In 2022–23, Bard Graduate Center expanded its Fields of the Future Fellowships by recruiting visual and performance artists whose research could bring diversity to the field of material culture. Annie Coggan, associate professor of interior design at Pratt Institute and a principal in at the multi-scale design firm, Chairs and Buildings Studio, was selected to be the 2023 Lee B. Anderson Fields of the Future Fellow. Her research at BGC focused on Robert Manwaring, an eighteenth-century furniture designer and cabinet maker based in London, and culminated in a small exhibition of the sketches and models of Manwaring’s designs she completed during her fellowship.
Manwaring, a Chippendale contemporary, was particularly well-known for his chairs. He made distinctive sketches that illustrated two possible styles for each of the chair’s design elements, such as the legs and the back, within the drawing of a single chair. Coggan was drawn to the practicality, understanding of materials, and down-to-earth style reflected in Manwaring’s sketches.
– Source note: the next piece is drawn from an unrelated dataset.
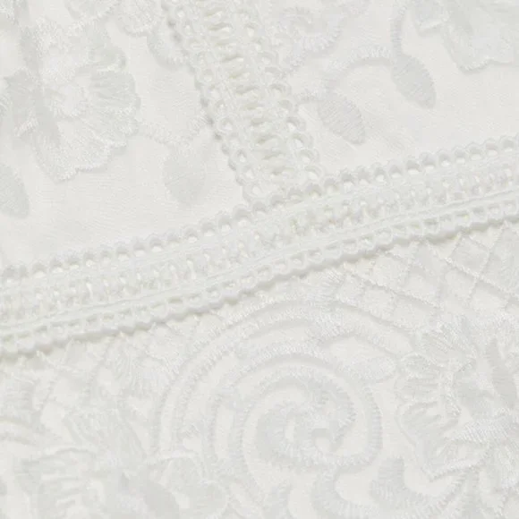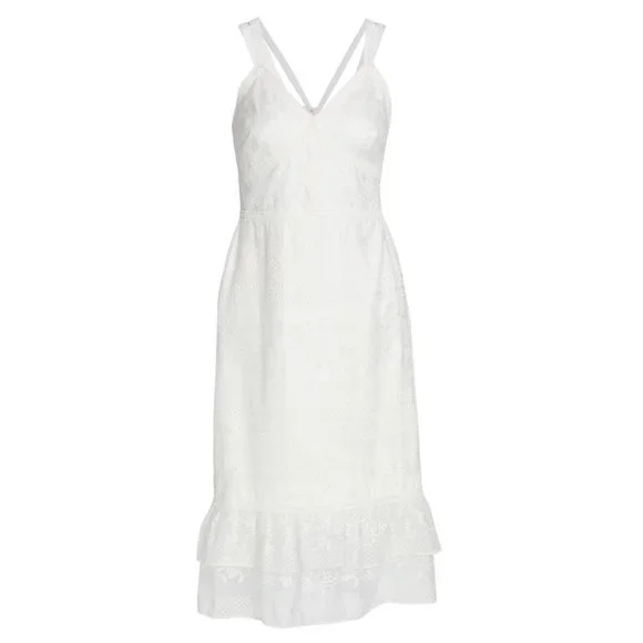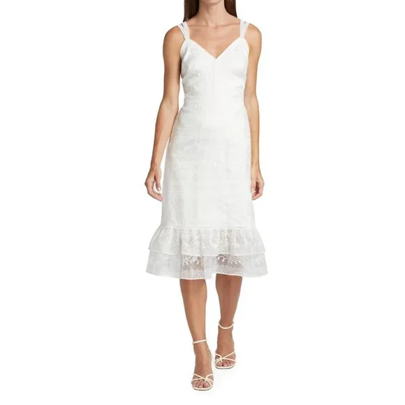 DescriptionBrand: THEIACondition: New with tags, 100% AuthenticSize: 6Color: WhiteMaterial: 100% PolyesterApproximate Measurements (taken from front side of item while laying flat): Armpit to armpit " / Length from shoulder to hem - 44"Retail: $295FeaturesIntricate lace and embroidered tea-length dress with a defined bodice and tiered sheer hem.V necklineSleevelessOpen criss-cross backHidden back zipTonal self-tie on back waistStyle tags:elegant, tea, brunch, wedding, bridal, spring, summer, bachelorette, brocade, embroidery, rehearsal dinner, prom, BHLDN

Little could Coggan have known when she began her fellowship that her investigations would take her down a rabbit hole that connected Manwaring, a bootstrapping furniture designer, to James Philips, a sailor eager to advance his knowledge and understanding of the world, through the pages of a rare book housed in the BGC library. Nor could she have anticipated that her efforts to improve her understanding of Manwaring would find a kind of resonance with Philips’s efforts to improve himself.
When Coggan embarked on her research, she found a re-bound edition of Manwaring’s designs in the BGC stacks. It was published in 1763, without a formal title, and it is one of three extant copies of the book. The others are in the archives of the Victoria & Albert Museum and the Metropolitan Museum of Art. While in BGC’s possession, the volume had not had much life off the shelves, perhaps because of the flurry of marginalia that marked up many of its pages. At some point on its journey from publication to its current home in the BGC Library, the book passed through Philips’s hands. In the pages’ margins, and sometimes overlapping with the etchings themselves, he had written about his life as a seaman, taught himself mathematics, and pondered philosophical questions.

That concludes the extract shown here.